Required work: Your answer must be the full listing, reproduced exactly, minus any pictures.
-=-=-
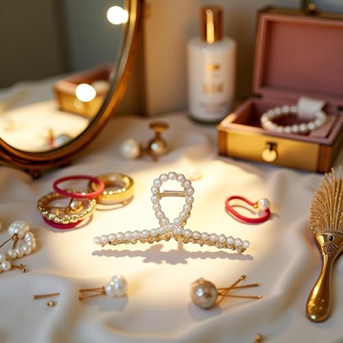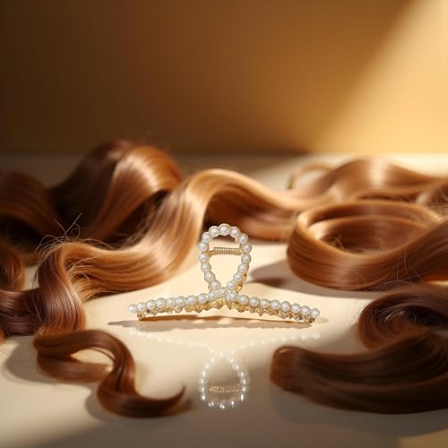 Calsgkspray - مشابك شعر معدنية كبيرة غير قابلة للانزلاق للنساء مع لؤلؤ، سميكة ذات سن لولبي على شكل الكابوريا باللونين الذهبي غير اللامع والبيرال جولد قطعتين
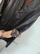 M: Tumman ruskea puolipitkä nahkatakki
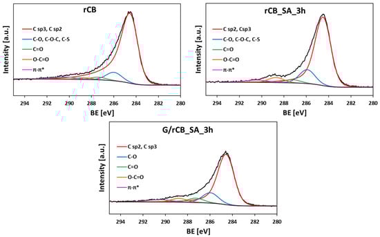Figure 6 shows high-resolution XPS C 1s spectra of the initial rCB and selected modified samples. All these spectra can be deconvoluted into peaks centered at ~284.5 eV, 285.9 eV, 287.3 eV, 289.6 eV, and 290.6 eV (±0.1–0.2 eV in each case), typically assigned to (i) sp2 and sp3 hybridized carbon, (ii) C-O in hydroxyl/phenolic and ether groups and C-S, (iii) C=O in carbonyls, (iv) O-C=O in carboxylic acids, esters, and inorganic carbonates, and (v) π–π* transitions, respectively [23,65,66]. The relative abundance of different carbon species derived from the deconvoluted spectra is listed in Table 5. The results show that graphitic carbon predominates in all investigated samples, constituting more than 66%. The samples also contain a relatively high amount of moieties in which carbon is singly bound to an oxygen atom (C-O).
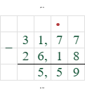 5. Выполним вычитание слева направо: $31,77 - 26,18 = 5,59$.
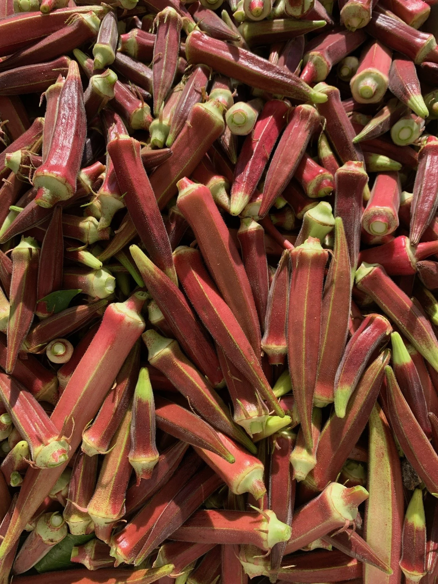 $35 share: cherry tomatoes, figs, okra, choice of peppers, sweet potato greens, slicer tomatoes, summer squash, mystery item!
-=-=-
Task solution:
 Calsgkspray - مشابك شعر معدنية كبيرة غير قابلة للانزلاق للنساء مع لؤلؤ، سميكة ذات سن لولبي على شكل الكابوريا باللونين الذهبي غير اللامع والبيرال جولد قطعتين
 M: Tumman ruskea puolipitkä nahkatakki
Figure 6 shows high-resolution XPS C 1s spectra of the initial rCB and selected modified samples. All these spectra can be deconvoluted into peaks centered at ~284.5 eV, 285.9 eV, 287.3 eV, 289.6 eV, and 290.6 eV (±0.1–0.2 eV in each case), typically assigned to (i) sp2 and sp3 hybridized carbon, (ii) C-O in hydroxyl/phenolic and ether groups and C-S, (iii) C=O in carbonyls, (iv) O-C=O in carboxylic acids, esters, and inorganic carbonates, and (v) π–π* transitions, respectively [23,65,66]. The relative abundance of different carbon species derived from the deconvoluted spectra is listed in Table 5. The results show that graphitic carbon predominates in all investigated samples, constituting more than 66%. The samples also contain a relatively high amount of moieties in which carbon is singly bound to an oxygen atom (C-O).
 5. Выполним вычитание слева направо: $31,77 - 26,18 = 5,59$.
 $35 share: cherry tomatoes, figs, okra, choice of peppers, sweet potato greens, slicer tomatoes, summer squash, mystery item!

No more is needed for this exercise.